Understanding the vocabulary of cybersecurity, information security, and data protection is essential to grasp the challenges and key concepts of these fields. This glossary provides clear and concise definitions of the terms most commonly used.

Table of Contents – Cybersecurity Glossary

1. Standards and Certifications

ISO 27001

The leading international standard for information security. It defines best practices that help organizations protect their data, manage risks related to the confidentiality, integrity, and availability of information, and implement an Information Security Management System (ISMS). ISO 27001 certification demonstrates an organization’s commitment to information security and the protection of its information systems.

ISO 27701

An international standard dedicated to privacy and the protection of personal data. Designed as an extension of ISO 27001, it helps organizations implement controls to safeguard personal information, strengthen compliance with data protection regulations (such as the Swiss FADP, GDPR, and others), and demonstrate their commitment to privacy management.

ISO 42001

The first international standard focused on Artificial Intelligence (AI) governance. ISO 42001 helps organizations establish policies and processes to govern the use of AI, manage associated risks, and ensure responsible, transparent, and regulatory-compliant AI practices.

Cyber-Safe

A Swiss cybersecurity label that enables organizations to assess and strengthen the protection of their information systems and data.

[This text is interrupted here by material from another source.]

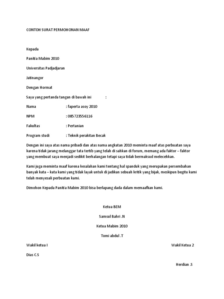 Surat Permohonan Maaf Rasmi Brad Erva Doce Info
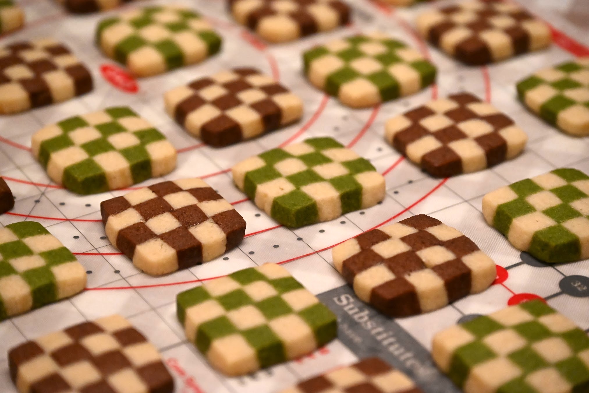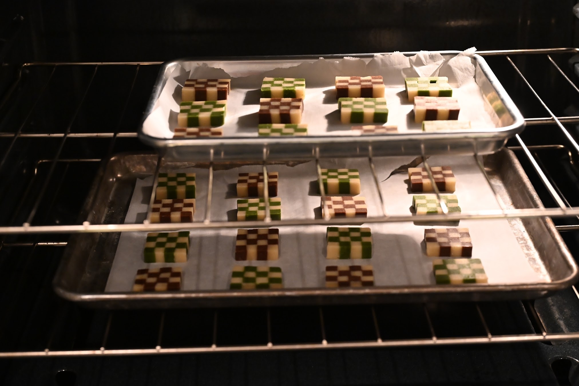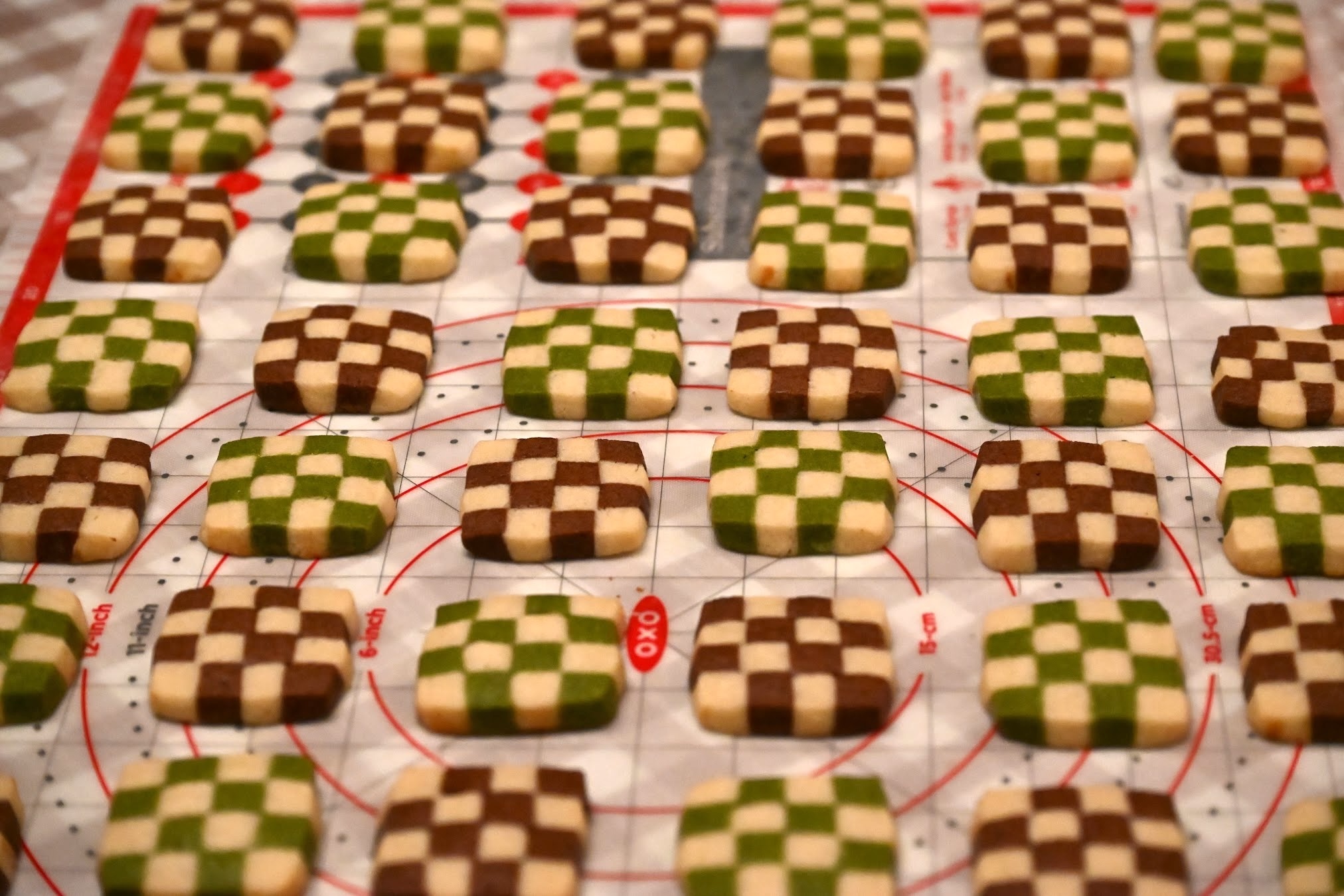 Dough Strip Preparation: The technique is not so hard - you just need good rulers and a pastry cutter. For the recipe, it's basically a shortbread dough (I use Sally's Recipe but substitute in two tablespoons of espresso powder or culinary matcha powder, and halve the sugar). The butter needs to be creamed very well in order to be soft though. Then comes a huge waiting game to flatten the dough to ~10 mm height, cut into 10 mm-wide strips, and to array the strip in a 'tuple style'.

It is based on a set of technical, organizational, and human criteria designed to demonstrate a level of security appropriate to today’s digital threats.

Gap Analysis

A Gap Analysis compares an organization’s current practices with the requirements of a standard, regulation, or framework. It helps identify areas for improvement and the actions needed to achieve the desired level of compliance. This assessment is typically conducted at the beginning of a compliance project or in preparation for a certification audit.

2. Data Protection

LPD (Swiss Federal Act on Data Protection – FADP)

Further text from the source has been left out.